### Dataset entries
★ ★ ★
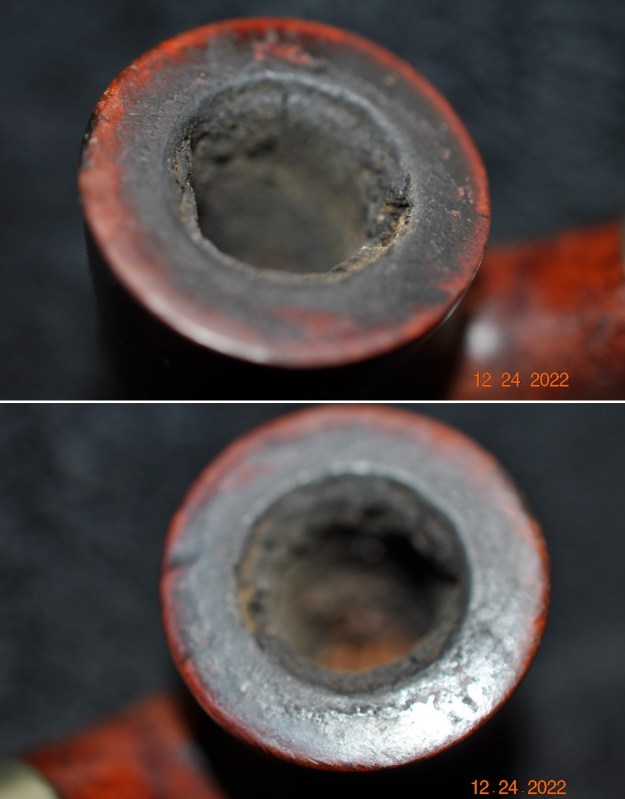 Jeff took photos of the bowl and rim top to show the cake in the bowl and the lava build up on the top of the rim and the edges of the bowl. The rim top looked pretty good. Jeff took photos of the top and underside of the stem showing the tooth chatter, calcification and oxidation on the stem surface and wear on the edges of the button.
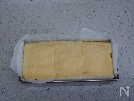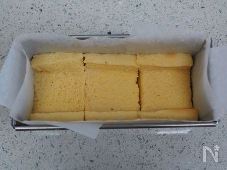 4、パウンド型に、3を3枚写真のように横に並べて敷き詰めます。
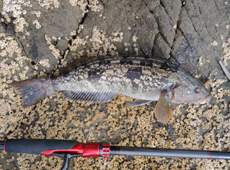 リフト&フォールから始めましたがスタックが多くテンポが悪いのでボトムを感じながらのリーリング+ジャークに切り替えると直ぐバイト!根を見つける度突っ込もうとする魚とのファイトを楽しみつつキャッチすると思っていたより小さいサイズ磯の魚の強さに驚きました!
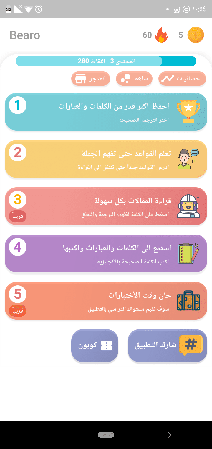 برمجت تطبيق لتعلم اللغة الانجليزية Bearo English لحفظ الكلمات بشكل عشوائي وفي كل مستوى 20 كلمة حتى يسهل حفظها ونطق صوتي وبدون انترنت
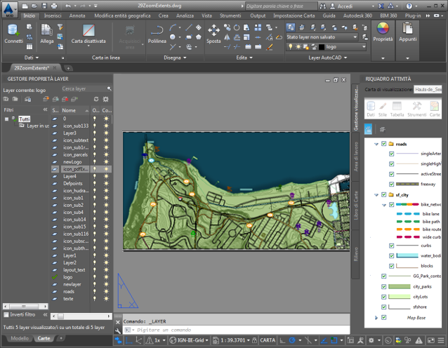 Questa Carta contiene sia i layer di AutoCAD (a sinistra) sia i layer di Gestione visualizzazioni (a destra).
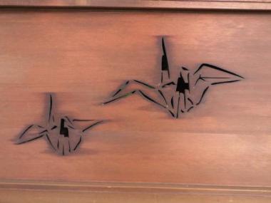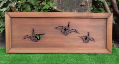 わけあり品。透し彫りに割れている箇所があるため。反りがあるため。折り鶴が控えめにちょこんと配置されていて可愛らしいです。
★ ★ ★
### WHAT TO WORK ON
Exactly repeat only the lines from the one with "Questa Carta contiene" to the closing line above, both included, and omit every picture.

### EXERCISE SOLUTION
 Questa Carta contiene sia i layer di AutoCAD (a sinistra) sia i layer di Gestione visualizzazioni (a destra).
 わけあり品。透し彫りに割れている箇所があるため。反りがあるため。折り鶴が控えめにちょこんと配置されていて可愛らしいです。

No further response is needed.